Internet gambling harmful to minorities
Years ago, big city visitors often came across an enticing scene on certain street corners. A crowd of people standing in wonder as someone – typically called the “mark” – tried to pick the “money” card out of three cards laying face-down on a cardboard box. Pick the right card, you win.
Chances weren’t very good, of course, and a lot of folks lost money playing that old confidence game until Congress – and an ambitious young Attorney General named Robert F. Kennedy – began to crack down on illegal gambling and organized crime in the 1950s. The result was a package of bills, including The Wire Act, that Kennedy pushed through Congress in 1961 to keep the mob from exploiting citizens and laundering money through its illegal gambling operations.
{mosads}For more than 50 years, Kennedy’s law was interpreted broadly to cover all forms of gambling, including the online variety which came into vogue a decade or so ago. This all changed, however, when the Justice Department – without consulting Congress and with little apparent appreciation for the legislative history or public policy behind the Wire Act – issued an opinion that the Act no longer applies to most kinds of Internet gambling.
This new interpretation, issued with little fanfare two days before Christmas in 2011, runs directly counter to the Justice Department’s own long-held interpretation, and opens the door for the unfettered U.S. expansion of Internet gambling by States looking to dig out of holes created by the economic downturn.
According to numerous reports, these DOJ lawyers were acting at the request of a small number of state lottery officials hoping to sell lottery and scratch-off tickets and offer other gambling games over the Internet. Now I certainly concede that state lotteries have helped improve a lot of people’s lives through its targeted funding initiatives. But common sense tells me there should be limits. And in my opinion, making lottery tickets and other casino games available 24/7 on cell phones, tablets and personal computers takes gambling – and lotteries — too far.
Having previously served as an African American mayor for a large urban area, I have had lingering concerns that poor people and minorities may be especially vulnerable when it comes to gambling. Several studies from extremely credible sources seem to bear this out.
A 2009 study by the National Institute of Health (NIH) finds that African Americans are nearly twice as likely to be “disordered gamblers” compared to the white population; and low income wage earners making less than $20,000 are five times as likely to have such addiction issues compared to their higher-earning brethren making more than $70,000 per year.
When it comes to lotteries, a University of Buffalo study shows that persons in the bottom fifth of the economic ladder are more likely than other segments of the population to play the lottery.

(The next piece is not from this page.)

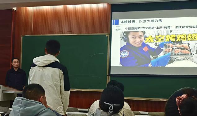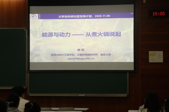 本次讲座以“能源与动力——从煮火锅讲起”为题拉开帷幕。颜笑教授授课风格风趣幽默,首先以图示为媒介,向同学们阐释科研的必要性,并提出“科技改变现有格局”的观点。接着以“太空能烤鸡翅,能否煮火锅?”这一趣味问题为引,由浅入深地讲解了沸腾曲线、表面张力等专业知识。随后,颜教授结合蒸汽机、热发泡喷墨打印、热管等实例,阐述了科研的乐趣在于“探索-创造-改变”。最后,在互动环节,针对同学提出“本科阶段科研活动是否必要”这一问题,他指出:大二学生应以学业为主,好的科研选择应以个人兴趣为指引,起到锦上添花的作用,切勿带有功利性。

African Americans, males, Native Americans, and folks living in the most economically disadvantaged neighborhoods tend to play the lottery to greater degrees than the general population.
Interestingly – and this has particular relevance to the current debate over internet gambling – Pew Internet Research suggests that minority communities are uniquely susceptible to the threat posed by 24/7 access to Internet gambling, finding that African Americans and Latinos are more likely than whites to both own a smartphone and count on those phones for uses other than making calls.
Bobby Kennedy and Congress seemed to have understood much of this back in 1961 when they made the Wire Act the law of the land. Indeed, the legislative history shows that Kennedy and Congress hoped to stamp out those “numbers” games which seemed to be ubiquitous on street corners in poorer neighborhoods of the era.
Unfortunately, it doesn’t appear that the DOJ took any of this into account when they reversed course and effectively legalized Internet gambling when no one was watching. It’s time for Congress to re-assert its policy-making role by putting the teeth back in the Wire Act until it can fully weigh the policy implications of making internet gambling so easily available in our communities.
Webb is the former mayor of Denver and a national co-chair of the Coalition to Stop Internet Gambling, an effort funded in part by Las Vegas casino billionaire Sheldon Adelson.